V2 of my fixes and improvements to H7_FW V1.5.0/V1.6.0 Ethernet...

Changes include

  • Decoupling receive buffers from receive descriptors so buffers may be held any length time without choking receive.
  • Optionally queuing transmit, so transmit doesn't need to block until complete.
  • Many bug fixes.

Find full details and source in the attached zip. V1 was posted to another developer's question. Please post any questions about V2 here.

    This topic has been closed for replies.
    Best answer by Amel NASRI

    Dear All,

    Our Experts tried to answer almost all the limitations reported in this thread.

    Please refer to this post for more details.

    At this point, I suggest to close this discussion as it becomes difficult for us to follow it with the great number of comments.

    Don't hesitate to submit your new posts asking new questions.

    Thanks for all the ones involved to make ST solutions more efficient.

    -Amel

    34 replies

    Graduate
    April 3, 2020

    From some testing I have been doing today I found some potential improvements on transmit. I believe alister mentioned in his documentation that transmit was not a priority, and actually for my application is not so important either.

    Rather than calling HAL_Transmit when not using a tx queue, calling HAL_TransmitIT, waiting on an event and signalling from the interrupt callback seems to yield better performance (the mechanism is already there for the tx queue). When doing load testing it seemed that the application was spending significant time spinning in HAL_transmit and potentially starving other (particularly the lwip) thread.

    However, this may not be the case for infrequent transmission of small packets rather than frequent transmission of large packets. Some testing with setting/clearing a port pin on entry/exit to the transmit function may be required to quantify the difference exactly.

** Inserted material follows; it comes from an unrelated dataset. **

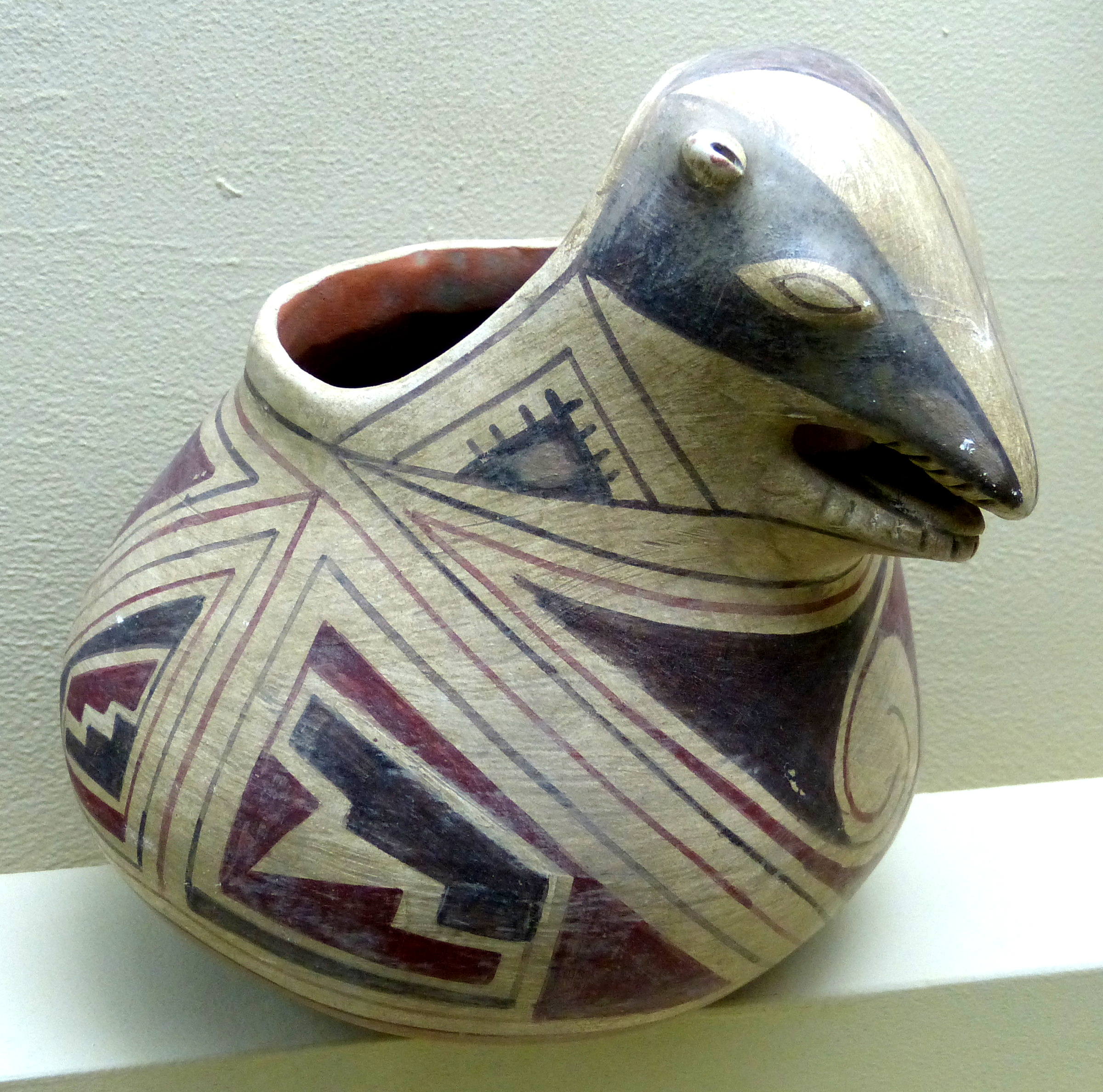 Las Palmas ( Gran Canaria ). Casa de Colon - Collection of pre-Collumbian art: Zoomorphic pot of the Casas Grandes Culture ( Mexico 1250-1520 AC )

    Personally I would not run this driver without the transmit queue as that yields a 41-51MBps improvement in my application and has little impact on memory footprint.

    Just thought I would open it up for discussion...

    alisterAuthor
    Explorer
    April 3, 2020

    Tx-queuing, using HAL_ETH_Transmit_IT, is enabled as default. Are you sure you'd ported all of ethernetif.c?

    It's controlled by the ETH_TX_QUEUE_ENABLE macro.

    Take care, non-blocking transmit (tx-queuing) is only safe if you know your app won't change a pbuf (or its buffer) after it's been transmitted.

    Graduate
    April 3, 2020

    I tried with/without tx queue and blocking/non blocking transmit with tx queue disabled. The fully blocking option did not work well, and not a good design practice to use blocking/polling functions unless absolutely necessary. This application has four different nefifs, plus a heap of other stuff going on so needs to stay responsive.

    Transmit with interrupt is still a better option for no queue than a blocking transmit. Neither option prevents another thread from modifying the buffer, both options prevent the lwip tcp thread from modifying the buffer as it is blocked either way. I am running with the queue enabled as want to keep the lwip thread running to service the other netifs.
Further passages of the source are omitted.